## Task prompt
Without the pictures, reproduce the records that follow exactly.
*** Data provided ***
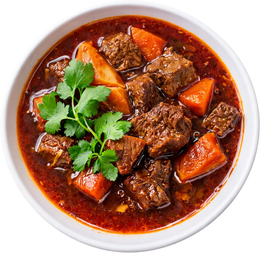 Tender beef chunks simmered in a rich fragrant aromatic infused with star anise, cinnamon and herbs
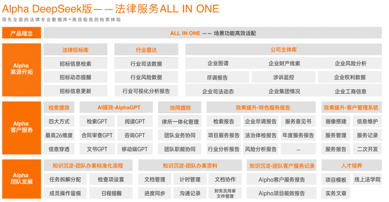 Alpha 法律大数据平台在不同用户侧的价值体现为不同的效率节点。
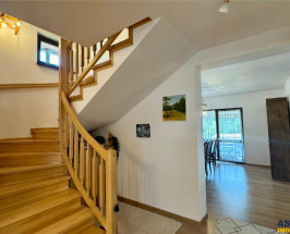 Interiorul surprinde prin atmosfera calda si echilibrata: living generos cu bar integrat si elemente naturale, dining elegant pentru 8 persoane, bucatarie complet utilata in stil traditional, 2 bai moderne si 4 dormitoare la etaj ndash; doua cu balcon si doua cu ferestre Velux.
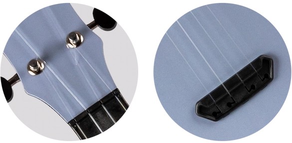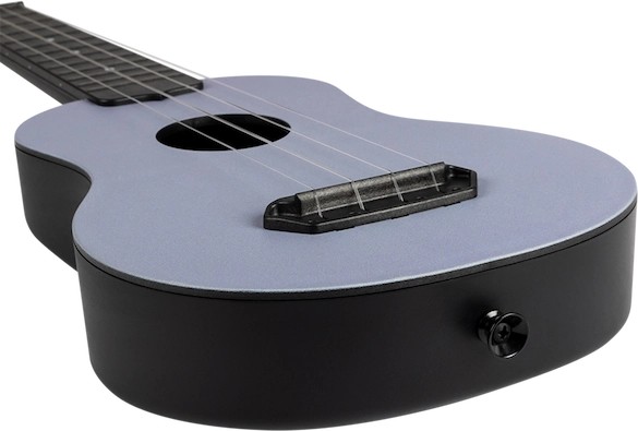 • Premium Features:  Polycarbonate Reinforced Plastic Construction,  Rounded Back, Flight Fluorocarbon Strings, Strap Button, Zero Fret, Thin Soundboard with Lattice Bracing,  Slotted Bridge, Front and Side Position Markers, Open Geared Tuners, and Drawstring Gig Bag.
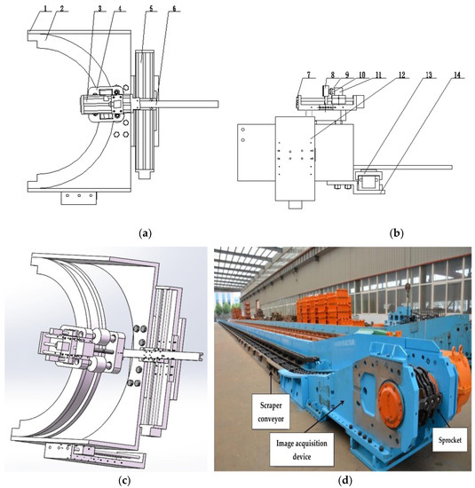 A scraper conveyor is the primary production and transportation equipment in a fully mechanized mining face [1]. In modern coal mining, the conveyor transports coal and provides hydraulic support and a walking track for the shearer. Therefore, its reliability directly affects the safety and production efficiency of modern coal mines. Sprockets are the core components of the chain drive system, which is the most important subsystem in the scraper conveyor [2]. Sprocket’s performance is directly related to the transport performance and service life of the scraper conveyor [3]. Sprockets contact chains directly; consequently, friction causes wear and excessive wear is the main form of sprocket failure and the main cause of scraper conveyor failure [4]. The sprocket conveyor chain may jump when it engages with the excessively worn sprocket; worn sprocket teeth may break, which affects the safe and efficient production of the coal mine, therefore, sprocket teeth wear analysis is required. Conventional wear measurement methods for scraper conveyor sprocket teeth include a weighing method, water volume measurement method, ANSYS analysis method [5] and wear monitoring [6]. Wang et al. [7] discussed the wear condition of a driving sprocket and the influence of wear on the sliding distance by taking the sliding speed and sliding distance of the meshing process as the index. Wang et al. [8] also analyzed the relationship between the deformation of a ring chain and driving sprocket wear by combining numerical analysis with experiments. However, these methods are not only tedious and time-consuming, they are also not sufficiently accurate or efficient.
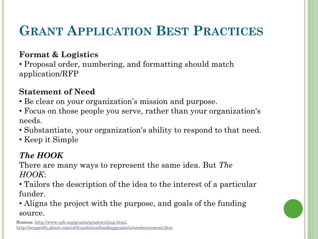 Grant Application Best Practices • Application Outline • The 5W’s • Format & Logistics • Narrative • Abstract • Statement of Need • Approach • Outcomes Generated/Method of Evaluation • Project Timeline • Credentials • The ‘Hook’ Sources: http://www.cpb.org/grants/grantwriting.html, http://nonprofit.about.com/od/foundationfundinggrants/a/needstatement.htm
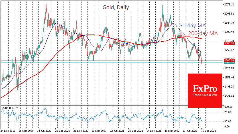 值得注意的是,上个月金价从1800美元的水平大幅回落,该水平在2月至6月期间曾多次充当支撑。 因此,黄金多头是一个接一个的,释放了之前意义重大的技术水平。
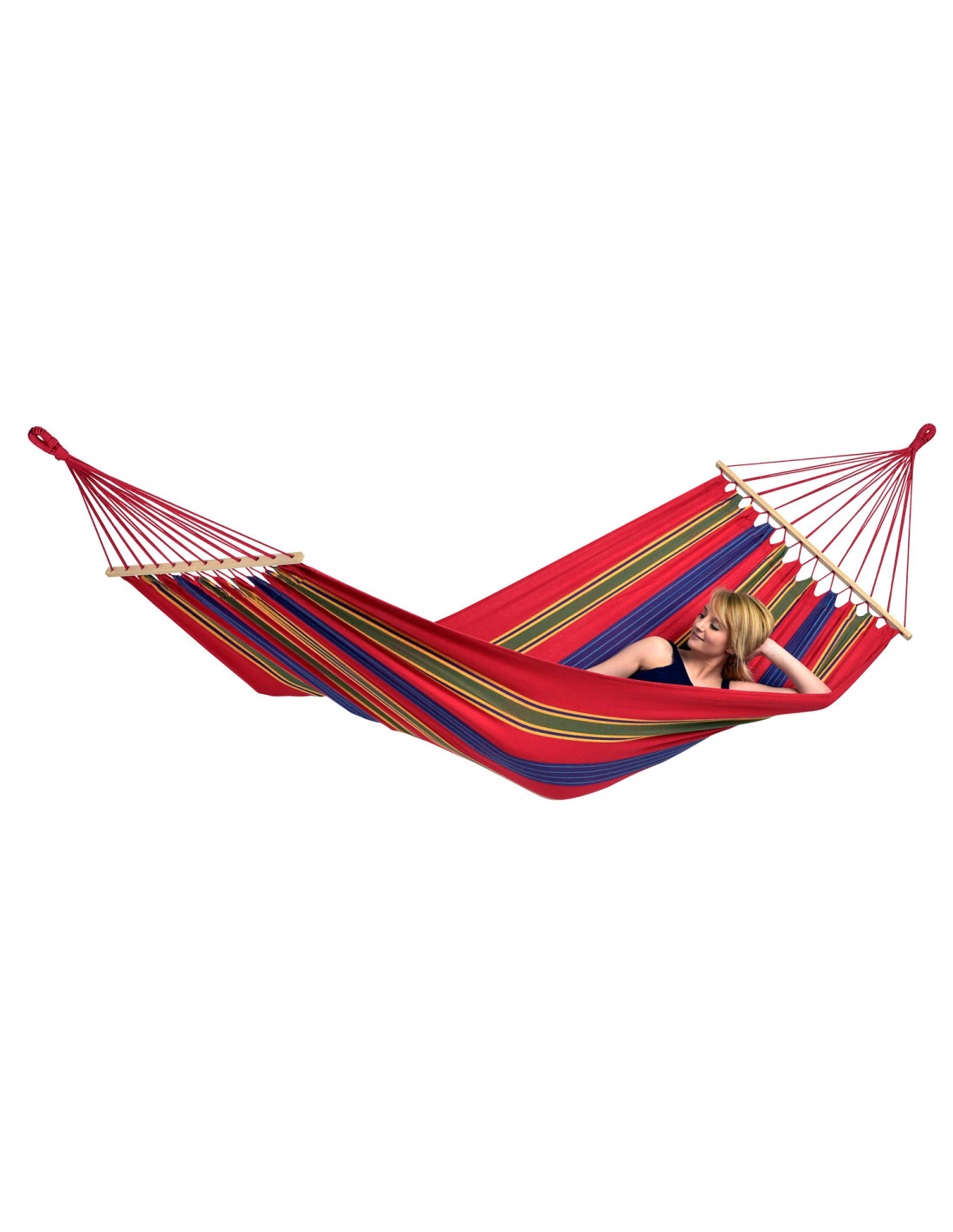 Las hamacas Aruba son realmente muy cómodas y resistentes admiten hasta 180 kg. de peso. El cuerpo central de la hamaca de 120 cm., es más ancho  que  la barra separadora de madera  de 80 cm. que lo mantiene estirado, para proporcionar una magnífica curvatura prara descansar de manera estable.
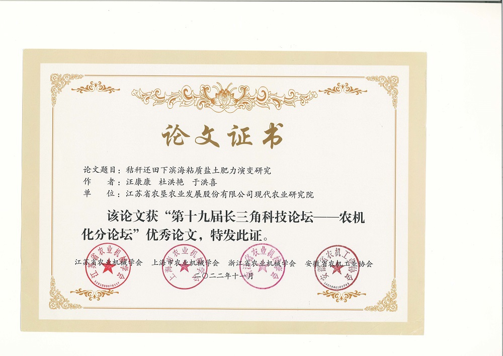 11月21日,江蘇省農業(yè)機械學(xué)會(huì )、上海農業(yè)機械學(xué)會(huì )、浙江省農業(yè)機械學(xué)會(huì )、安徽省農機工業(yè)協(xié)會(huì )發(fā)布了《關(guān)于表彰“第十九屆長(cháng)三角科技論壇-農機化分論壇”優(yōu)秀論文的決定》(蘇農機學(xué)會(huì )〔2022〕12號),江蘇省農墾農業(yè)發(fā)展股份有限公司現代農業(yè)研究院為第一單位的兩篇科技論文 “稻麥輪作下耕作方式對黏性土壤化學(xué)性質(zhì)及作物產(chǎn)量的影響” “秸稈還田下濱海黏質(zhì)鹽土肥力演變研究”獲得“第十九屆長(cháng)三角科技論壇-農機化分論壇”優(yōu)秀論文獎。
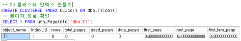 - Index_id : 1 = 클러스터 인덱스
*** End of Data provided ***
## Worked solution
 Tender beef chunks simmered in a rich fragrant aromatic infused with star anise, cinnamon and herbs
 Alpha 法律大数据平台在不同用户侧的价值体现为不同的效率节点。
 Interiorul surprinde prin atmosfera calda si echilibrata: living generos cu bar integrat si elemente naturale, dining elegant pentru 8 persoane, bucatarie complet utilata in stil traditional, 2 bai moderne si 4 dormitoare la etaj ndash; doua cu balcon si doua cu ferestre Velux.
 • Premium Features:  Polycarbonate Reinforced Plastic Construction,  Rounded Back, Flight Fluorocarbon Strings, Strap Button, Zero Fret, Thin Soundboard with Lattice Bracing,  Slotted Bridge, Front and Side Position Markers, Open Geared Tuners, and Drawstring Gig Bag.
 A scraper conveyor is the primary production and transportation equipment in a fully mechanized mining face [1]. In modern coal mining, the conveyor transports coal and provides hydraulic support and a walking track for the shearer. Therefore, its reliability directly affects the safety and production efficiency of modern coal mines. Sprockets are the core components of the chain drive system, which is the most important subsystem in the scraper conveyor [2]. Sprocket’s performance is directly related to the transport performance and service life of the scraper conveyor [3]. Sprockets contact chains directly; consequently, friction causes wear and excessive wear is the main form of sprocket failure and the main cause of scraper conveyor failure [4]. The sprocket conveyor chain may jump when it engages with the excessively worn sprocket; worn sprocket teeth may break, which affects the safe and efficient production of the coal mine, therefore, sprocket teeth wear analysis is required. Conventional wear measurement methods for scraper conveyor sprocket teeth include a weighing method, water volume measurement method, ANSYS analysis method [5] and wear monitoring [6]. Wang et al. [7] discussed the wear condition of a driving sprocket and the influence of wear on the sliding distance by taking the sliding speed and sliding distance of the meshing process as the index. Wang et al. [8] also analyzed the relationship between the deformation of a ring chain and driving sprocket wear by combining numerical analysis with experiments. However, these methods are not only tedious and time-consuming, they are also not sufficiently accurate or efficient.
 Grant Application Best Practices • Application Outline • The 5W’s • Format & Logistics • Narrative • Abstract • Statement of Need • Approach • Outcomes Generated/Method of Evaluation • Project Timeline • Credentials • The ‘Hook’ Sources: http://www.cpb.org/grants/grantwriting.html, http://nonprofit.about.com/od/foundationfundinggrants/a/needstatement.htm
 值得注意的是,上个月金价从1800美元的水平大幅回落,该水平在2月至6月期间曾多次充当支撑。 因此,黄金多头是一个接一个的,释放了之前意义重大的技术水平。
 Las hamacas Aruba son realmente muy cómodas y resistentes admiten hasta 180 kg. de peso. El cuerpo central de la hamaca de 120 cm., es más ancho  que  la barra separadora de madera  de 80 cm. que lo mantiene estirado, para proporcionar una magnífica curvatura prara descansar de manera estable.
 11月21日,江蘇省農業(yè)機械學(xué)會(huì )、上海農業(yè)機械學(xué)會(huì )、浙江省農業(yè)機械學(xué)會(huì )、安徽省農機工業(yè)協(xié)會(huì )發(fā)布了《關(guān)于表彰“第十九屆長(cháng)三角科技論壇-農機化分論壇”優(yōu)秀論文的決定》(蘇農機學(xué)會(huì )〔2022〕12號),江蘇省農墾農業(yè)發(fā)展股份有限公司現代農業(yè)研究院為第一單位的兩篇科技論文 “稻麥輪作下耕作方式對黏性土壤化學(xué)性質(zhì)及作物產(chǎn)量的影響” “秸稈還田下濱海黏質(zhì)鹽土肥力演變研究”獲得“第十九屆長(cháng)三角科技論壇-農機化分論壇”優(yōu)秀論文獎。
 - Index_id : 1 = 클러스터 인덱스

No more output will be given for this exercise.